Over the next two decades in New York he worked temp jobs and side gigs to pay the rent while picking up roles in television and theater. He met the artist Neil Goldberg in 2008, and they married and moved to the Lower East Side in 2013. Along the way, he got to know Everett, who was doing cabaret at Joe’s Pub. He eventually performed there with her sometimes.
“Oh my god, Bridget Everett knows who I am!” Hiller recalled thinking at the time.
By the time Hiller turned 40, the biggest credit on his résumé was playing a computer tech on “Law & Order,” he said, laughing. (This one had a name, at least: Stan.) In his journal he still dreamed about starring in a larger role — specifically in a half-hour comedy on a major network like HBO, one that required some real acting. At the same time, he wondered if it was time to move on.
“I kept being like, ‘Is this embarrassing that I’m still following this dream?’” he said. “That was really the only time when I was like, ‘Should I give up?’ Other than that, I just kept going.”
Then Everett called about “Somebody Somewhere.”
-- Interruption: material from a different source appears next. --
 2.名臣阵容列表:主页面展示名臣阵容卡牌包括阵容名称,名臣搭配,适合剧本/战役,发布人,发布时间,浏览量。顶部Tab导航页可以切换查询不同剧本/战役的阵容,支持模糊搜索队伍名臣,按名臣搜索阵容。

For the first two seasons of production, Hiller lived in an Airbnb with Everett and another cast member, Murray Hill, who plays Fred Rococo, a quiet soil scientist. The house, just outside Chicago, where the series was filmed, looked like a “Real Housewives reject,” Hiller said, complete with three bedrooms, three bathrooms and three full kitchens.
“Every single day we were like, ‘Can you believe this is happening?’” he said of his work on set. “It wasn’t ever like, ugh, I don’t want to work tonight. It was always a thrill.”
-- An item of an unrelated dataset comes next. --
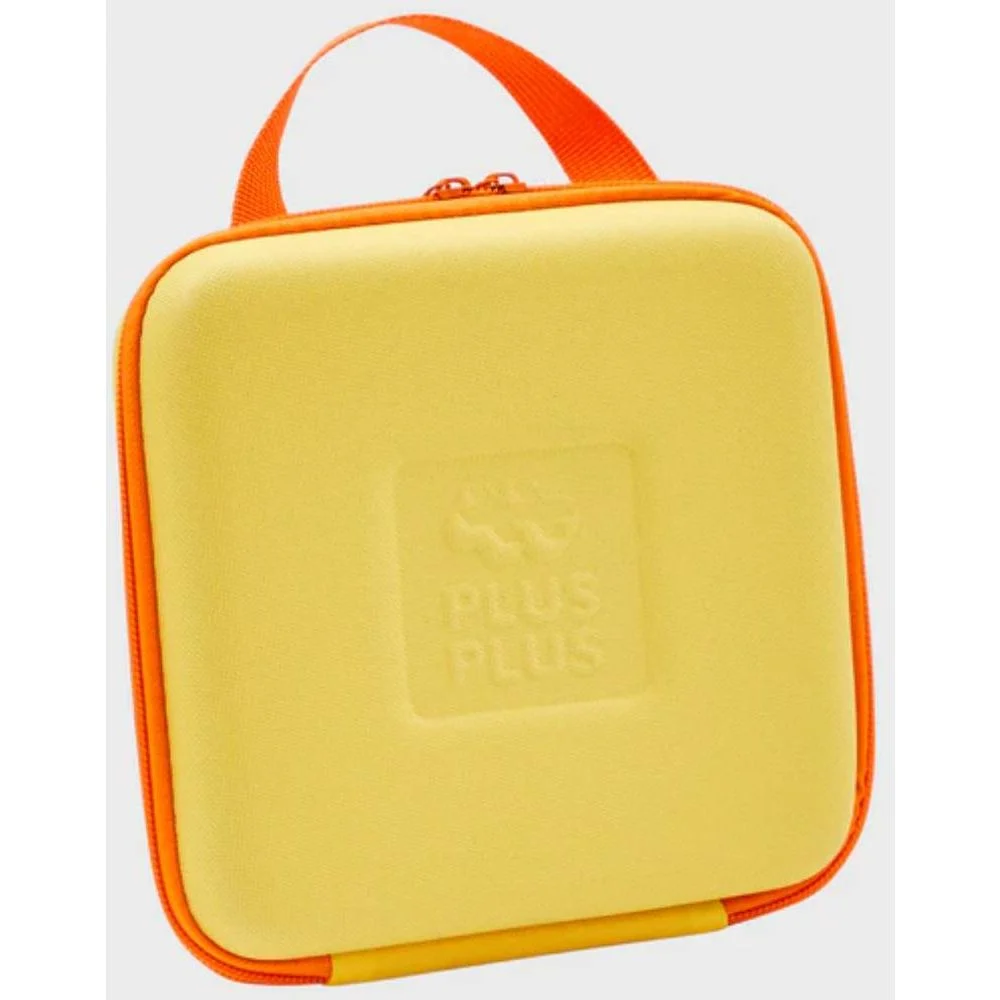 Set de construcție Plus-Plus BIG cu 15 piese mari, în culori variate, ambalat într-o geantă textilă galbenă cu fermoar. Ideal pentru joacă educativă, portabilă și sigură, destinat copiilor de la 1 an în sus.

Hiller was on the phone with his sister, who remains in Texas, when his agent called with the Emmy news. He had read lists of potential nominees but never saw his own name, so he didn’t take the call. Then his manager called, and Hiller’s first thought was that he was in trouble, not guessing that the news was good.
He screamed. He called his sister back and they screamed together. The next call was to Goldberg, who also screamed.
“None of us were expecting it,” he said. “It was just so completely shocking.”
When the Emmy ceremony takes place on Sept. 14, Hiller has asked Goldberg, whose birthday is the next day, to accompany him. Hiller laughed, saying that as a present, maybe they would get to meet Pedro Pascal. The ceremony will be a celebration for Hiller, regardless.
“I made this happen; I manifested it,” he said. “But also I know so many other people who also do that and haven’t had this, and so I recognize I got lucky. Show business is not fair.”